After your operation you will probably be up and about the next morning. You will usually have a drip, giving fluid into your vein. This will be taken out as soon as you are drinking normally. A tube (catheter) will drain fluid from your bladder into a collecting bag. It is usual for the urine to contain blood.

To stop blood clots from blocking the catheter, bladder irrigation may be used. This means that fluid is passed into the bladder and drained out through the catheter. The blood will gradually clear from your urine and the catheter can be taken out. At first you may find it difficult to pass urine without the catheter, but this should improve. Some men find that they have some urinary incontinence following this procedure. It can also cause some long-term difficulty in passing urine.

Most men are able to go home after three or four days. Occasionally it is necessary to keep the catheter in for a while after you go home. Before you leave hospital the nurse will show you how to look after your catheter and arrangements can be made for a district nurse to visit you at home to help with any problems.

You may have pain and discomfort for a few days after your operation, for which you will be given painkillers. These are usually very effective, but if you continue to have pain it is important to let the doctor or nurse looking after you know as soon as possible so that a more effective painkiller can be found.

Following a TURP about 1 in 5 (20%) men may have retrograde ejaculation. This means that, during ejaculation, semen goes backward into the bladder instead of through the urethra, so your urine may look cloudy after sex. This is harmless.

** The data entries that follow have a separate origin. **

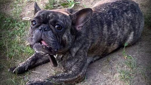Французский бульдог извазюкался в грязи. Пришлось принимать ванну
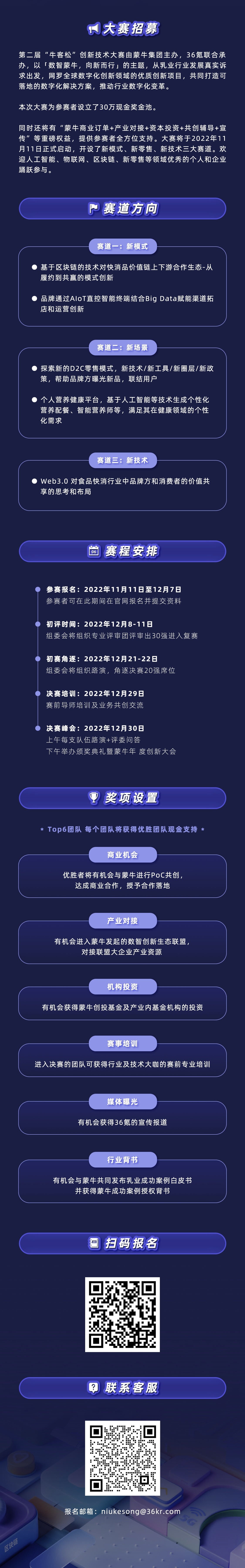 本次大赛由蒙牛集团主办、36氪联合承办,大赛将继续围绕“数智蒙牛·向新而行”的主题,与全球优秀创业者共同打造行业创新解决方案。第二届“牛客松”创新技术大赛还将着力打造蒙牛数字化创新联盟,聚焦全产业链数字化转型,持续打造消费品行业数字创新生态圈。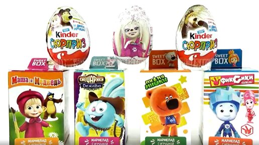 Киндер сюрприз Маша и медведь, Барбоскины, Свит бокс Фиксики, Смешарики и Ми ми мишки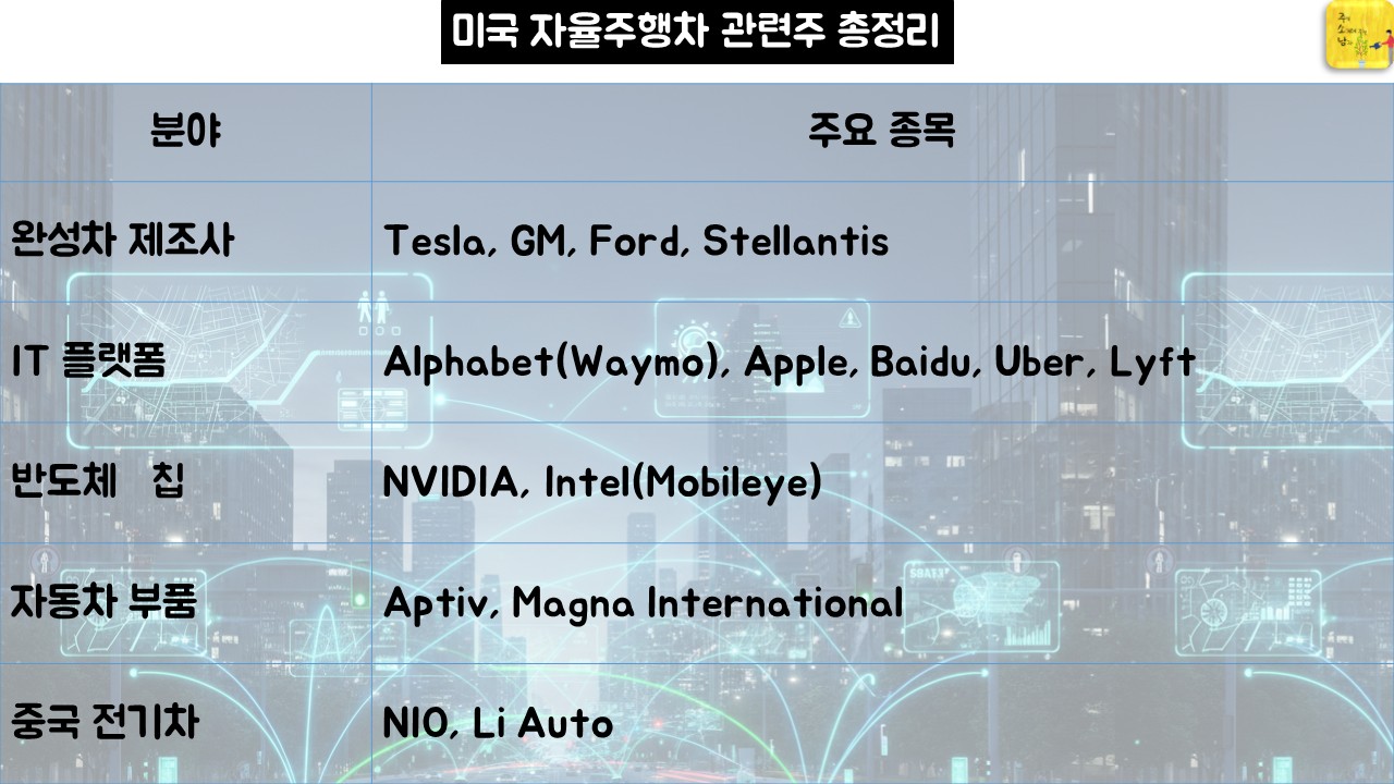 미국 자율주행차 관련주 분야별 정리표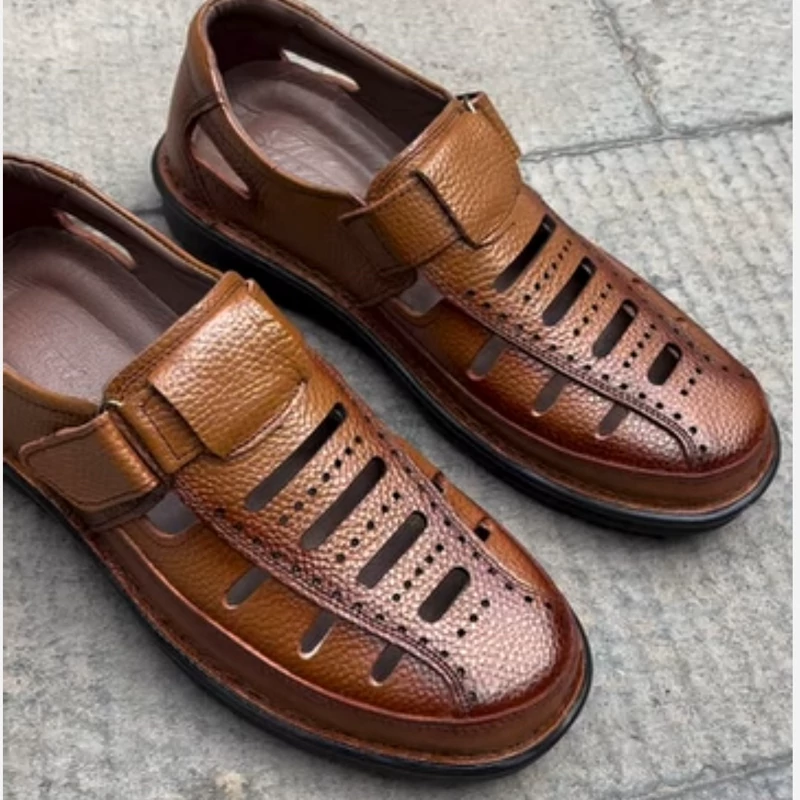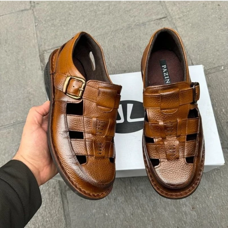 تابستانی مردانه تمام چرم سوراخ دار بند دار

Orchidectomy (removal of testicles)

Although this is an operation, the aim of removing the testicles is to reduce the levels of testosterone (male hormone) in the body, so it is discussed in the section about hormonal therapies. As there are many hormonal therapy drugs available now, orchidectomy is not used very often.


Care after an operation

If you think that you might have any difficulties coping at home after your surgery, let your nurse or social worker know when you are admitted to hospital so that help can be arranged.

As well as being able to offer practical advice, many social workers are also trained counsellors who can offer valuable support to you and your family, both in hospital and at home. If you would like to talk to a social worker, ask your nurse or doctor to arrange it for you.

Before you leave hospital you will be given an appointment to attend an outpatient clinic for your post-operative check-up. This is a good time to discuss any problems you may have.